[SOURCE MATERIAL]
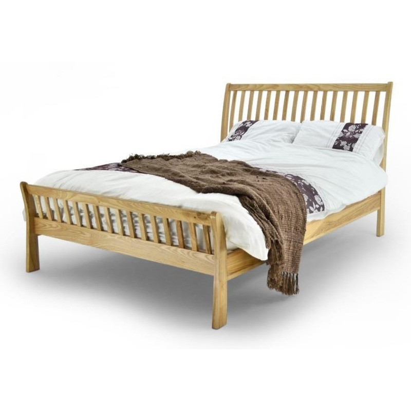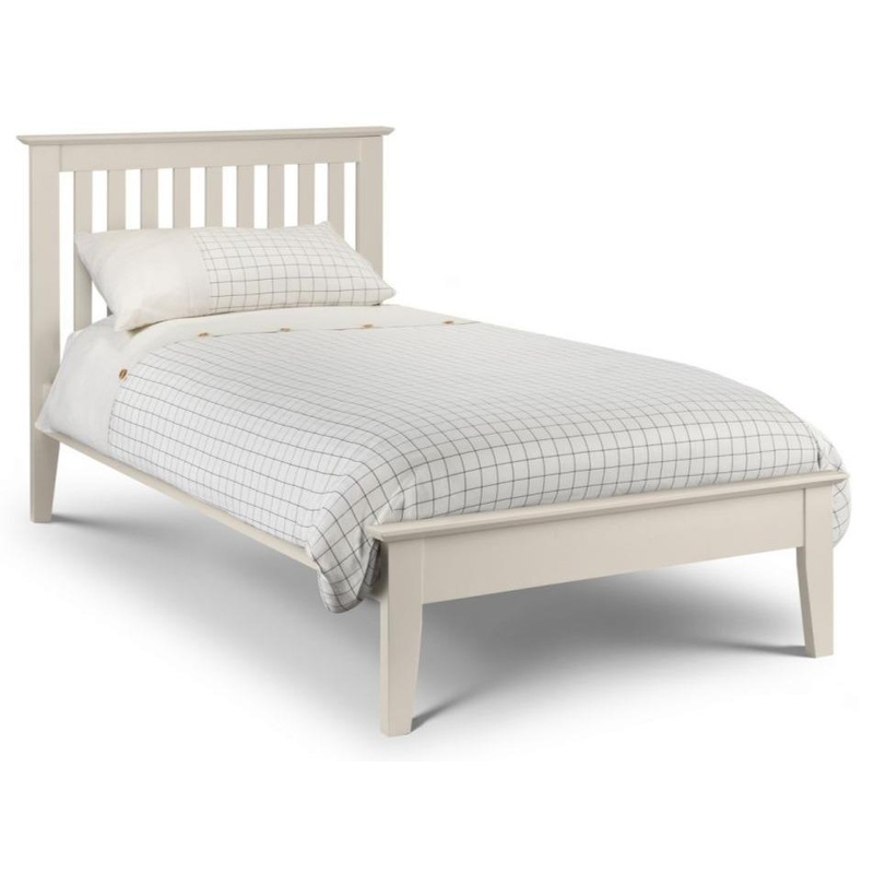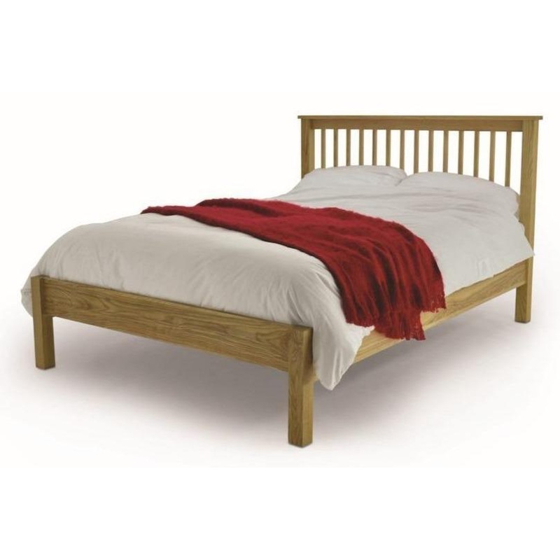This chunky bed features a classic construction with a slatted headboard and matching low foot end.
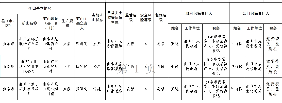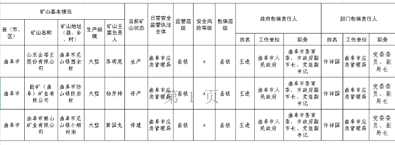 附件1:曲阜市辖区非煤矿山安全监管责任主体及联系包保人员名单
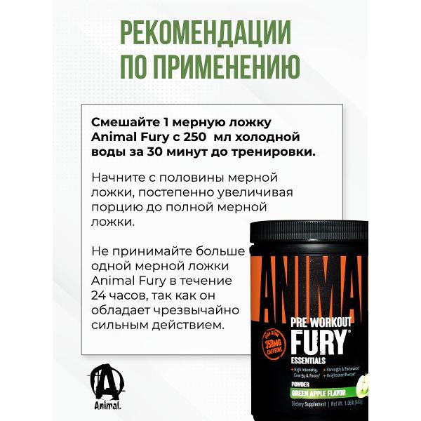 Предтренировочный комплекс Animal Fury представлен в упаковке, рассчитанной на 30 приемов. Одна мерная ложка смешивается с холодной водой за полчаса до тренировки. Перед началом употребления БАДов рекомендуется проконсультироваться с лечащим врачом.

[INSTRUCTIONS TO FOLLOW] Reproduce the listing word for word, but keep the pictures out of it.

[EXERCISE SOLUTION]
This chunky bed features a classic construction with a slatted headboard and matching low foot end.
 附件1:曲阜市辖区非煤矿山安全监管责任主体及联系包保人员名单
 Предтренировочный комплекс Animal Fury представлен в упаковке, рассчитанной на 30 приемов. Одна мерная ложка смешивается с холодной водой за полчаса до тренировки. Перед началом употребления БАДов рекомендуется проконсультироваться с лечащим врачом.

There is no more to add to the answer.